Hi, I would like to ask a simple question about how autodiff works for vector/matrix. For an instance, if we have C = A.*B where A, B, C are all matrices. When calculating the jacobian matrix of C w.r.t A. does autodiff expand C=A.*B into C_ij= A_ij * B_ij and calculate derivative, or autodiff keeps a rule about this and directly form a result?
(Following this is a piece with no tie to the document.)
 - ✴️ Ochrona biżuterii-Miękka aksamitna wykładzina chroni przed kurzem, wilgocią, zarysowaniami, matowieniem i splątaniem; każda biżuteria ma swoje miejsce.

Thanks in advance for the help.
PyTorch builds a graph of operations to do during the backward pass.
To use a more Pythonic notation, you can do:
A = torch.randn(5, 5, requires_grad=True)
B = torch.randn(5, 5, requires_grad=True)
C = A @ B
print(C.grad_fn)
The MmBackward
object contains references to A, B (C.grad_fn._saved_self
and C.grad_fn._saved_mat2
) as well as the instructions how to matrix multiply the Jacobian to a vector in the sense of applying the chain rule (try C.grad_fn(grad_C)
with grad_C
having the same shape as C
).
Best regards
Thomas
Thank you, Thomas.
Just to confirm, autodiff calculate the gradient of the matrix instead of doing element-wise deviation (e.g. break down Hadamard product and matrix multiplication into element-wise operation and differentiate). Is my understanding correct?
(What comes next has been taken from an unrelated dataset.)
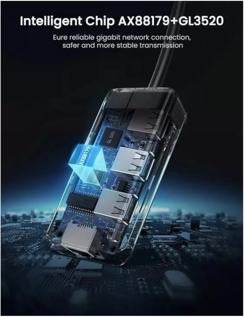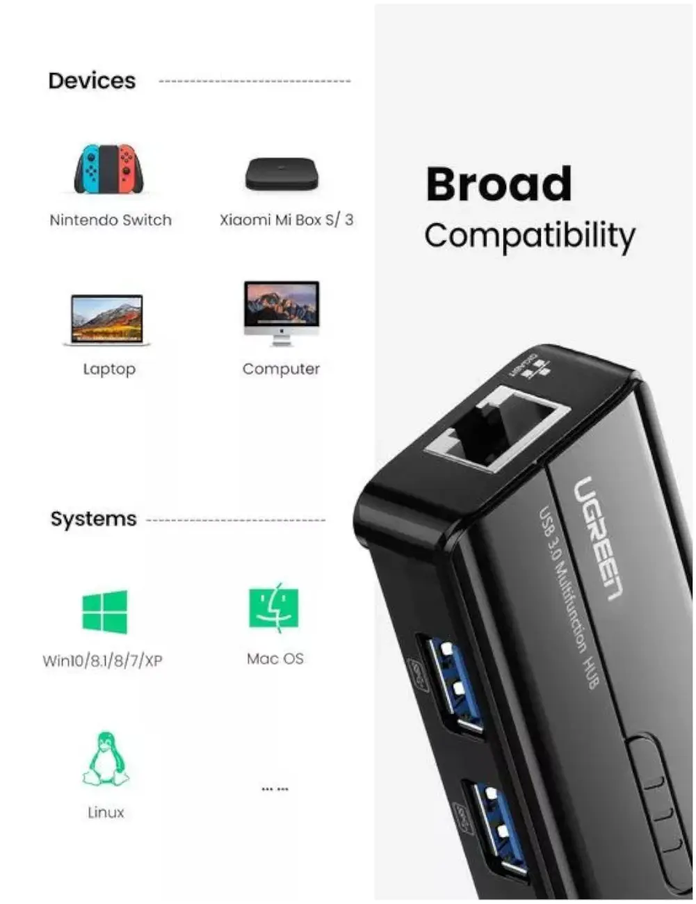 Concentrador Ethernet USB 3.0 5 en 1: el adaptador USB a Ethernet UGREEN está equipado con un puerto Ethernet Gigabit y 3 puertos USB 3.0. Mientras proporciona a su dispositivo una red cableada estable, también es posible expandir más accesorios. También está equipado con un puerto de fuente de alimentación de CC de 5 V para que pueda utilizar algunos dispositivos de alta potencia. (Nota: el adaptador de corriente DC 5v2a no está incluido).

There’s a tensor-level rule for each core op. If you did per-element differentiation, it would be hard to automatically “reroll” the result back into GPU-efficient operations. Hence when you add a core-level operation working on tensors, you also add a hand-coded derivative for that op that works on tensors (more specifically, vector-jacobian-product).
You can see the issue of doing per-element differentiation by looking at standard derivative results for matrix operations here. Derivatives of SVD, matrix inverse, and determinant have simple expressions in matrix form, but you can’t easily get this form by doing per-element differentiation.
To add to @Yaroslav_Bulatov 's great explanation, the PyTorch derivatives are defined in derivatives.yaml. This is what you see in t.grad_fn
for tensors computed with gradient requriements.
For functions not in there, the story is a bit more elaborate: these run under autograd and PyTorch records the operations, just like it does for your code. For example einsum
will is implemented by calling permute
, reshape
, and bmm
, so these are what you’ll see when looking at .grad_fn
or traversing the graph there (by using .grad_fn.next_functions
etc. appropriately).
Best regards
Thomas